Saturday, October 1, 2022

Twilight (Catherine Hardwicke, 2008)
















 Twilight (Catherine Hardwicke, 2008)

Cast: Kristen Stewart, Robert Pattinson, Billy Burke, Taylor Lautner, Peter Facinelli, Ashley Greene, Anna Kendrick, Nikki Reed, Elizabeth Reaser, Kellan Lutz, Jackson Rathbone, Cam Gigandet, Gil Birmingham, Justin Chon, Christian Serratos. Screenplay: Melissa Rosenberg, based on a novel by Stephenie Meyer. Cinematography: Elliot Davis. Art direction: Christopher Brown, Ian Phillips. Film editing: Nancy Richardson. Music: Carter Burwell. 

Twilight was always going to be critic-proof, based as it is on a best-selling YA novel and featuring good-looking actors playing teenage lovers, one of whom is a vampire. The audience was ready-made, no matter what the critics said, and they mostly said their worst about it. And yet, getting around to watching it for the first time, 14 years late, I can’t find it in myself to say anything terribly harsh about it. The dialogue is often clunky, oh my, yes. The idea that vampires sparkle and not burst into flame in the sunlight is silly, as is the notion that they are somehow randomly endowed with superpowers: Some have super-strength and can read minds, others can tell the future. The invocation of Native American legends is a slightly racist plot gimmick, and one not developed in the film. It would be in the sequels, of course, which means Twilight is just a setup for more to come, and not a satisfactory movie on its own. And yet I watched with amusement and not a whole lot of condescension, partly because it’s premised on an interesting subtext, adolescent sexual confusion – vampire movies are always really more about sex than about death. And because Kristen Stewart and Robert Pattinson were on the brink of significant careers, going on to prove that they were more capable actors than the screenplay of Twilight allowed them to show. 

Monday, May 4, 2020

The Lighthouse (Robert Eggers, 2019)

Willem Dafoe and Robert Pattinson in The Lighthouse
Cast: Willem Dafoe, Robert Pattinson, Valeriia Karaman, Logan Hawkes, Kyla Nicolle, Shaun Clarke, Pierre Richard, Preston Hudson, Jeffrey Cruts. Screenplay: Robert Eggers, Max Eggers. Cinematography: Jarin Blasche. Production design: Craig Lathrop. Film editing: Louise Ford. Music: Mark Korven.

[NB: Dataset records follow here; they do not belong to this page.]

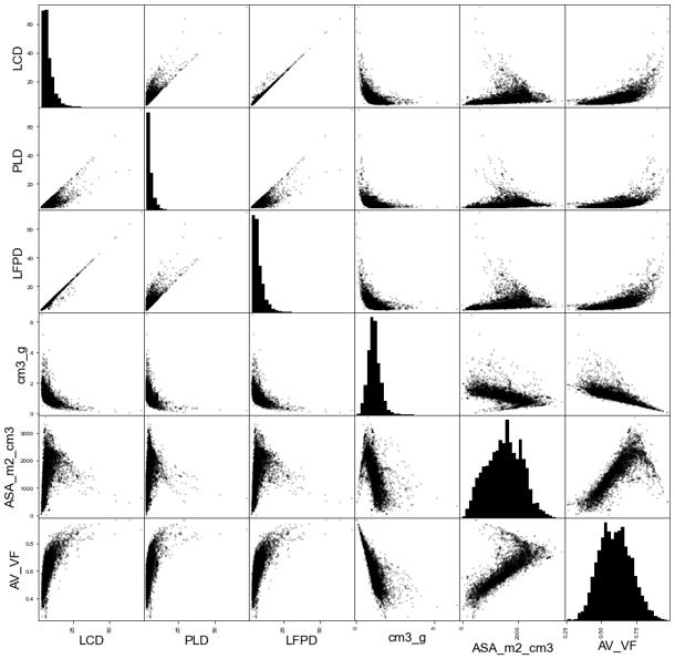 To find the most promising MOF, CoRE MOF 2019 database, which contains 12,020 MOFs, was analyzed for membrane materials. Out of these MOFs, 450 were excluded because of the absence of structure files (.cif) required for subsequent molecular simulations. The database provides structural properties of MOFs such as accessible surface area (ASA_m2_cm3), void fraction (AV_VF), the largest cavity diameter (LCD), pore limiting diameter (PLD), largest sphere along the free path (LFPD), and volume (cm3_g), among others. The distribution and correlations of each property are depicted in Fig. 2.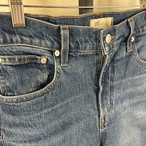 Keywords: Madewell jeans, vintage jeans, high rise denim, raw hem, straight leg, classic denim, everyday wear, weekend style, casual, blue jeans, button fly, five pocket style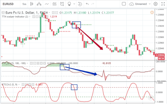 - the TTM Scalper Indicator assistant has marked the local support level (blue dots on the price chart). The candlestick must overcome the level of these points (break from top to bottom);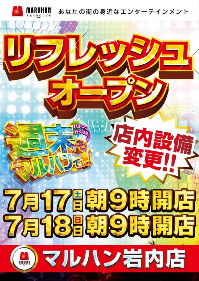 7月17日[土]リフレッシュオープン♪朝9時開店!!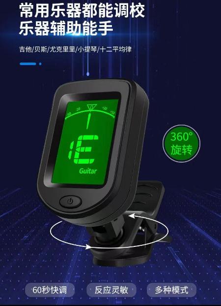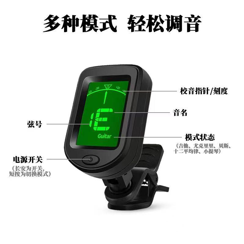 Afinador de guitarra folk, afinador de doce ritmos promedio, afinador de ukelele, afinador de bajo, instrumento musical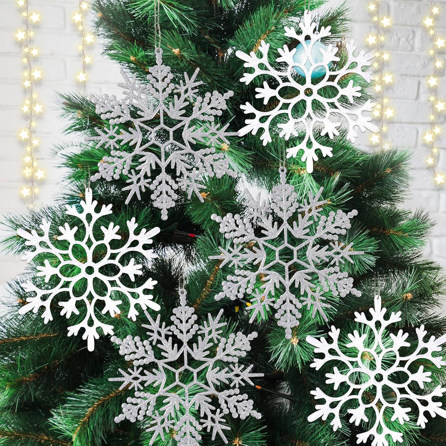 - SNOWFLAKES FOR CHRISTMAS: Featuring sparkly glitters on the surface, these white silver glitter snowflakes tree ornaments add much more sparkle to your Christmas tree decorations, they also look gorgeous on windows, ceiling, fireplace, outside yard, porch etc, perfect winter decorations snowflakes; Besides, they are excellent for frozen theme birthday party, winter wonderland birthday party decorations

Two men arrive on a lonely, deserted, rocky island where they take over the maintenance of a lighthouse. They proceed to drive each other into madness and death. That pretty much sums up The Lighthouse, a psychological drama with horror movie tinges. Clearly, to make such a simple story work, you need topnotch actors and good dialogue, camerawork, design, music, and editing. The Lighthouse succeeds in all these areas. Willem Dafoe is already established as one of our best actors, and Robert Pattinson has been building an exceptional career since coming out of the shadow of the Twilight movies. Jarin Blasche's cinematography, which works with an almost square frame, even tighter than so-called "Academy ratio," won him an Oscar nomination, and all the other elements work to build a sense of loneliness, isolation, and claustrophobia, of things closing in on the two men. So why do I feel it doesn't quite add up to the sum of its excellent parts? Perhaps because the course of the narrative is so obvious from the outset. Its opening scenes, the arrival at the lighthouse and the establishment of the characters, reminded me of those Ingmar Bergman films set on Fårö island. But where Bergman can turn weirdness resulting from isolation into a statement about humanity, Robert Eggers doesn't give us much beyond the spectacle of two only roughly civilized men disintegrating into savagery as they unmask each other's secrets and suffer from dreams and hallucinations. Still, if that's the kind of thing you want -- or feel you need -- to watch, there's not a much better portrayal of it than The Lighthouse. It might make for provocative viewing, come to think of it, in a time of quarantine and social distancing.

Tuesday, December 17, 2019

Good Time (Josh Safdie, Benny Safdie, 2017)


Good Time (Josh Safdie, Benny Safdie, 2017)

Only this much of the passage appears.